Stored dataset items:
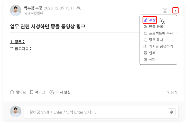 작성된 게시글 우측 상단의 더보기에서 등록한 글을 수정할 수 있습니다. 우측 상단의 '더보기 > 수정' 선택 시 작성된 글을 수정할 수 있습니다.
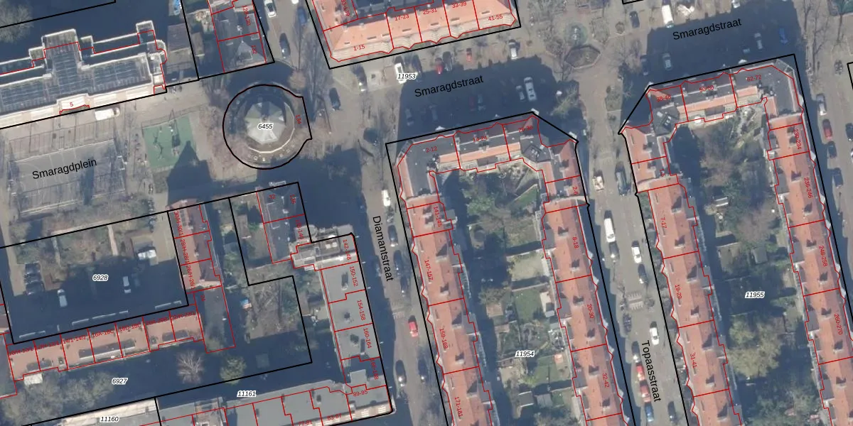 Het perceel waarop Diamantstraat 145 staat heeft een oppervlakte van 4395 m². Dit is een zeer groot perceel. De perceeloppervlakte wordt geregistreerd door het Kadaster. Gedetailleerde informatie over de maten van dit perceel kunt u vinden in het rapport Kadastrale kaart met maatvoering van Diamantstraat 145.
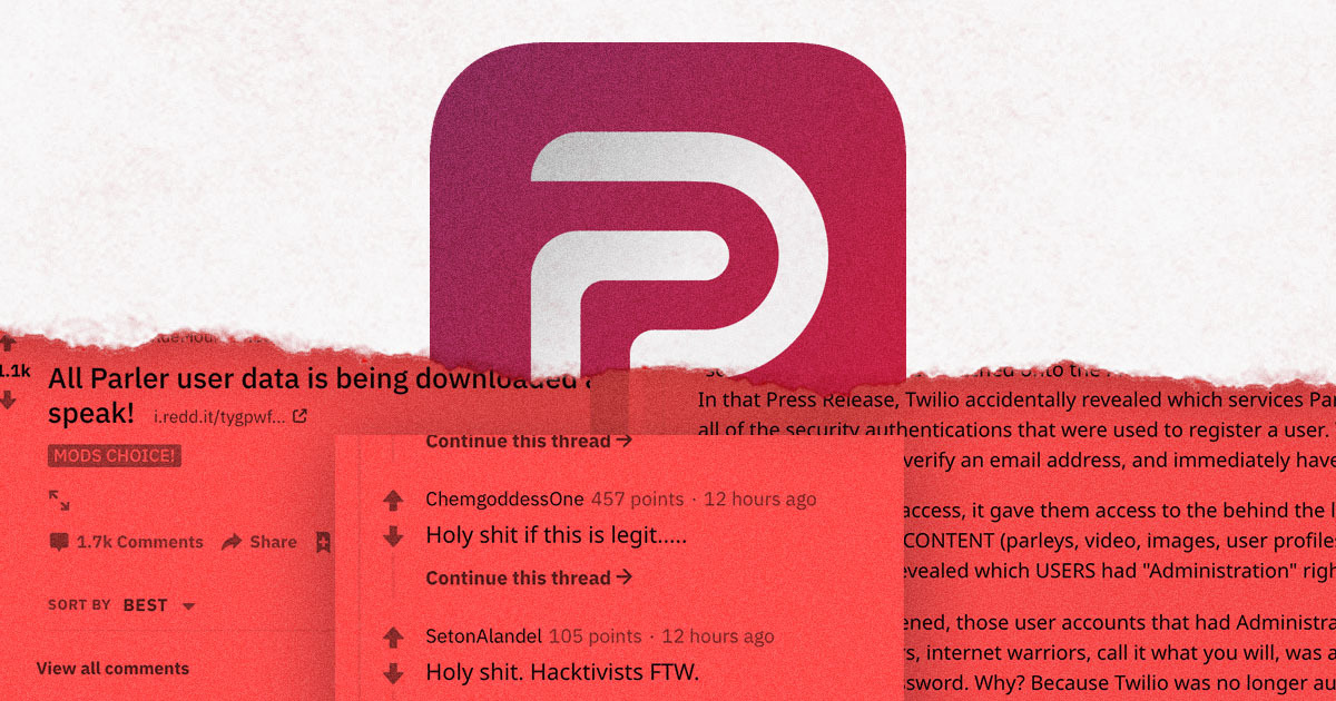 But the user data lives on. It turns out that Parler had shockingly weak data protection in place, and Crash Override claims they were able to quickly scrape the platform, including deleted posts.
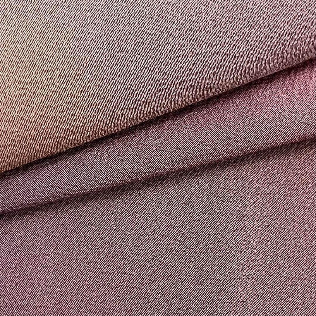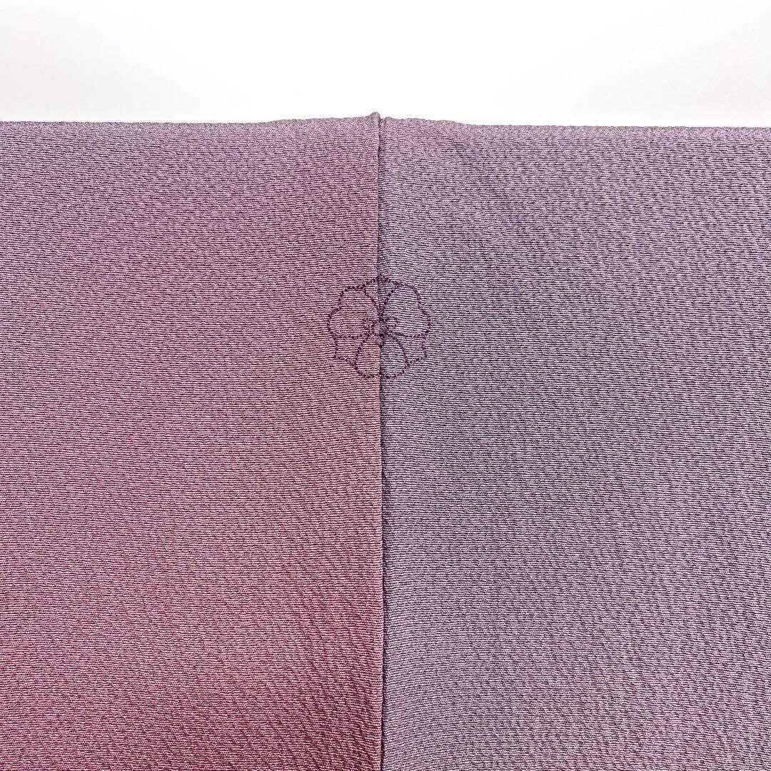 帯紅色ベースの縮緬に暈し染、品のある美しい色彩の無地柄デザインの素敵なお品でございます。
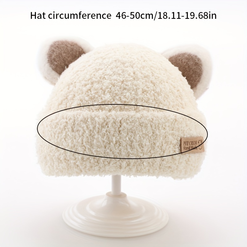 1pc Baby Plush Bear Ears Knit Cap, Children's Knitted Hats For Autumn And Winter
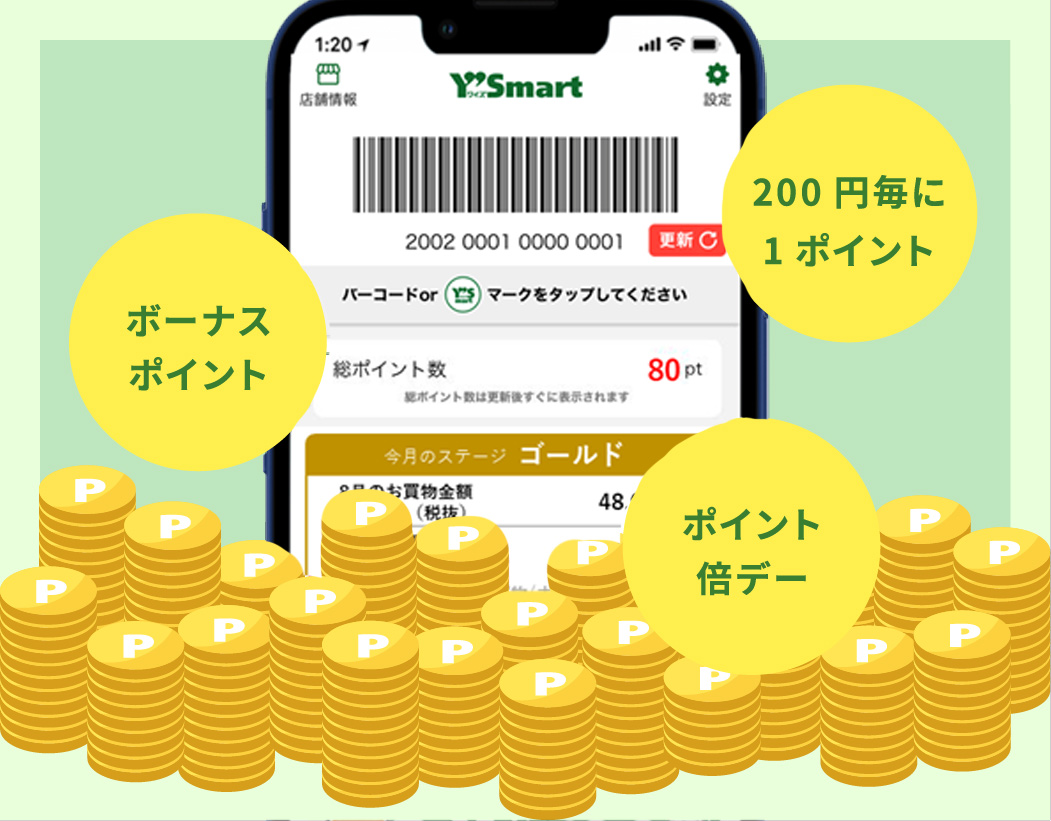 必ず、特典ポイントクーポンに表示される会員番号(バーコード)をレジにてスキャンする必要があります。 -
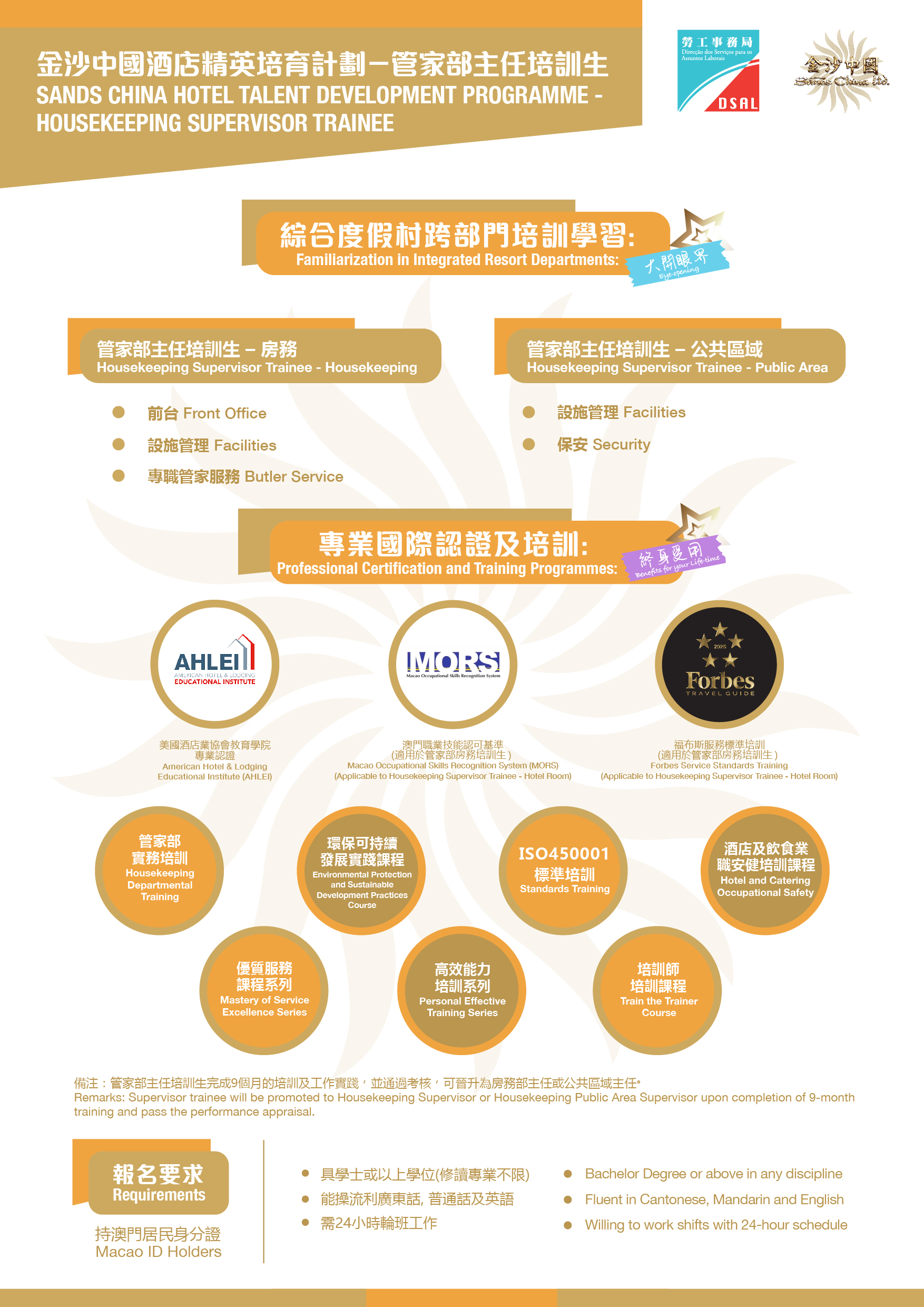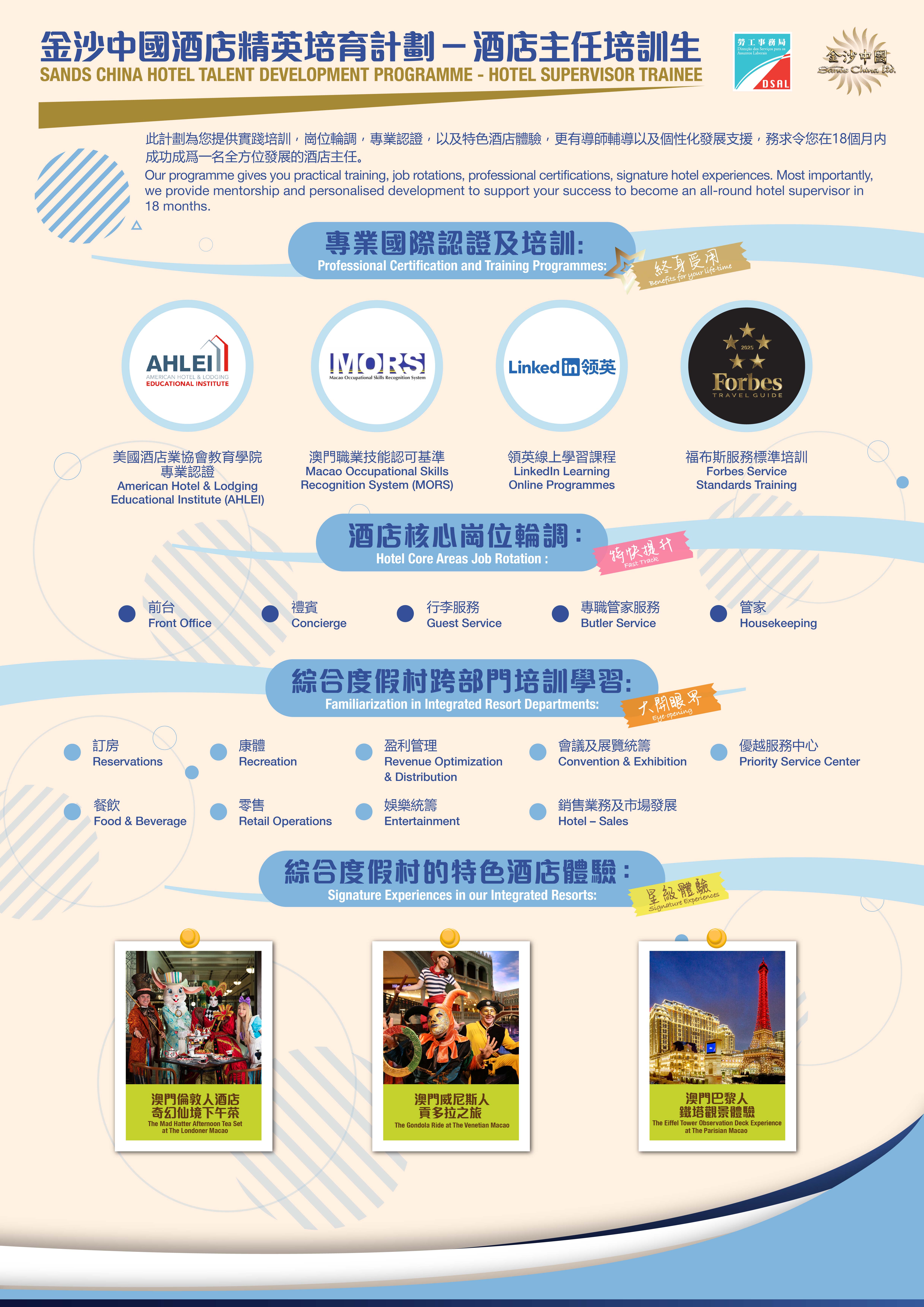 計劃提供酒店主任培訓生(前台/禮賓)職缺16個、管家部主任培訓生(房務/公共區域)職缺16個,合共32個職缺。獲錄取參加計劃者,金沙中國將安排專業培訓及工作實踐。培訓內容包括酒店營運部門理論知識與實操培訓、綜合度假村跨部門培訓學習、福布斯服務標準培訓,以及考取美國酒店業協會教育學院專業認證及澳門職業技能認可基準(MORS)等。
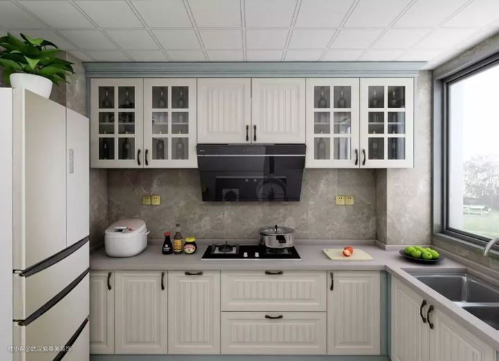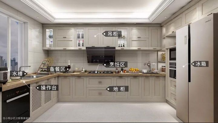 按照厨房动线洗、切、炒,规划出洗涤区、备餐区、烹饪区、出菜区,包括操作台、地柜、吊柜、冰箱位置、水槽、备餐区、烹饪区的尺寸规划,规划好布局,以达成一气呵成的厨房装修布局。
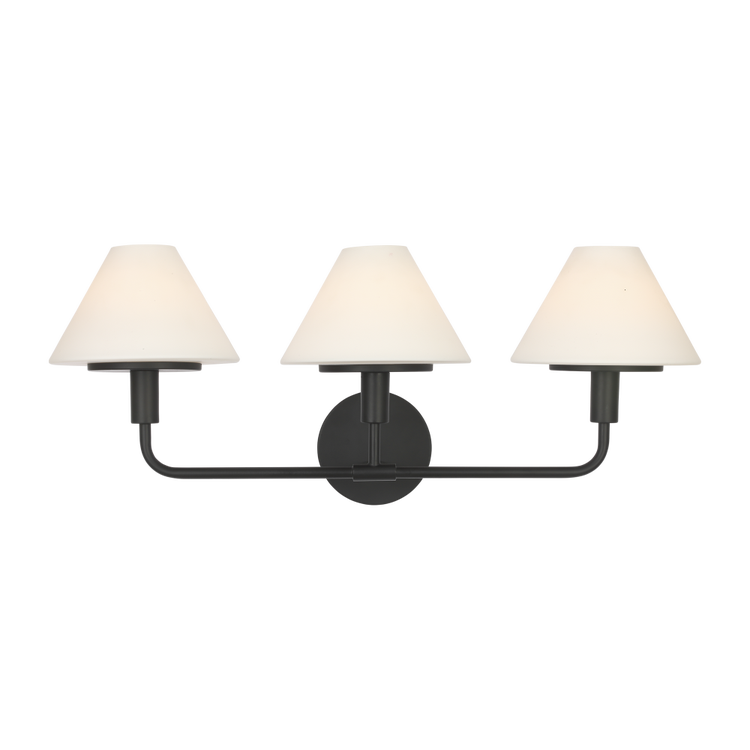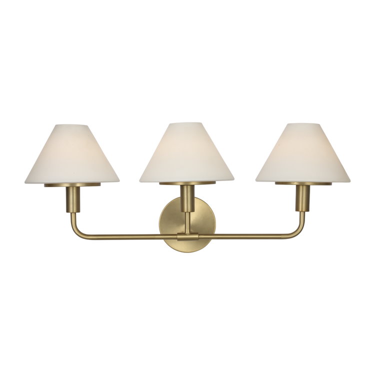 The Mendota Large Vanity uses three evenly spaced white glass cones on a structured armature, delivering ample light for primary baths or double-sink applications. Its linear design provides consistent output while maintaining minimal visual mass.
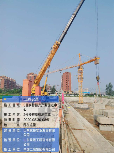 经过20天的连续奋战, 山东区域分公司曹县智慧农谷项目于8月30日完成三区2号楼桩基检测,为下一步项目施工奠定了良好基础。
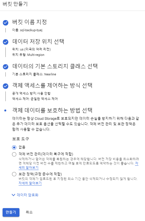 내보내기는 Google Cloud Storage에 저장되기 때문에 저장될 버킷을 선택해야 한다.
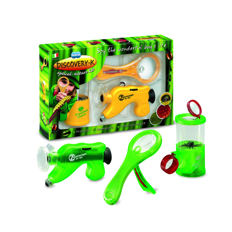Ett kit med tre olika instrument för att upptäcka och undersöka vår spännande natur. I denna förpackning hittar du en insektsburk med möjlighet att studera objektet uppifrån, horisontellt och underifrån. Förstoringsglas med pincett och ett Zoom scoop som också ger dig möjlighet att studera objekten på nära håll. Kommer som tvåpack, ett gult kit och ett grönt. Från 6 år
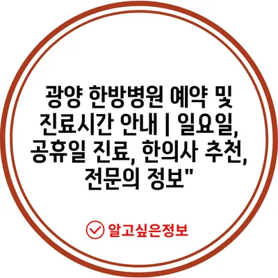 광양 한방병원 예약 및 진료시간 안내 | 일요일, 공휴일 진료, 한의사 추천, 전문의 정보”

WORK INSTRUCTION
When you copy the records above, keep every word exact and drop the pictures.

RESULT FOR THIS EXERCISE
 작성된 게시글 우측 상단의 더보기에서 등록한 글을 수정할 수 있습니다. 우측 상단의 '더보기 > 수정' 선택 시 작성된 글을 수정할 수 있습니다.
 Het perceel waarop Diamantstraat 145 staat heeft een oppervlakte van 4395 m². Dit is een zeer groot perceel. De perceeloppervlakte wordt geregistreerd door het Kadaster. Gedetailleerde informatie over de maten van dit perceel kunt u vinden in het rapport Kadastrale kaart met maatvoering van Diamantstraat 145.
 But the user data lives on. It turns out that Parler had shockingly weak data protection in place, and Crash Override claims they were able to quickly scrape the platform, including deleted posts.
 帯紅色ベースの縮緬に暈し染、品のある美しい色彩の無地柄デザインの素敵なお品でございます。
 1pc Baby Plush Bear Ears Knit Cap, Children's Knitted Hats For Autumn And Winter
 必ず、特典ポイントクーポンに表示される会員番号(バーコード)をレジにてスキャンする必要があります。 -
 計劃提供酒店主任培訓生(前台/禮賓)職缺16個、管家部主任培訓生(房務/公共區域)職缺16個,合共32個職缺。獲錄取參加計劃者,金沙中國將安排專業培訓及工作實踐。培訓內容包括酒店營運部門理論知識與實操培訓、綜合度假村跨部門培訓學習、福布斯服務標準培訓,以及考取美國酒店業協會教育學院專業認證及澳門職業技能認可基準(MORS)等。
 按照厨房动线洗、切、炒,规划出洗涤区、备餐区、烹饪区、出菜区,包括操作台、地柜、吊柜、冰箱位置、水槽、备餐区、烹饪区的尺寸规划,规划好布局,以达成一气呵成的厨房装修布局。
 The Mendota Large Vanity uses three evenly spaced white glass cones on a structured armature, delivering ample light for primary baths or double-sink applications. Its linear design provides consistent output while maintaining minimal visual mass.
 经过20天的连续奋战, 山东区域分公司曹县智慧农谷项目于8月30日完成三区2号楼桩基检测,为下一步项目施工奠定了良好基础。
 내보내기는 Google Cloud Storage에 저장되기 때문에 저장될 버킷을 선택해야 한다.
Ett kit med tre olika instrument för att upptäcka och undersöka vår spännande natur. I denna förpackning hittar du en insektsburk med möjlighet att studera objektet uppifrån, horisontellt och underifrån. Förstoringsglas med pincett och ett Zoom scoop som också ger dig möjlighet att studera objekten på nära håll. Kommer som tvåpack, ett gult kit och ett grönt. Från 6 år
 광양 한방병원 예약 및 진료시간 안내 | 일요일, 공휴일 진료, 한의사 추천, 전문의 정보”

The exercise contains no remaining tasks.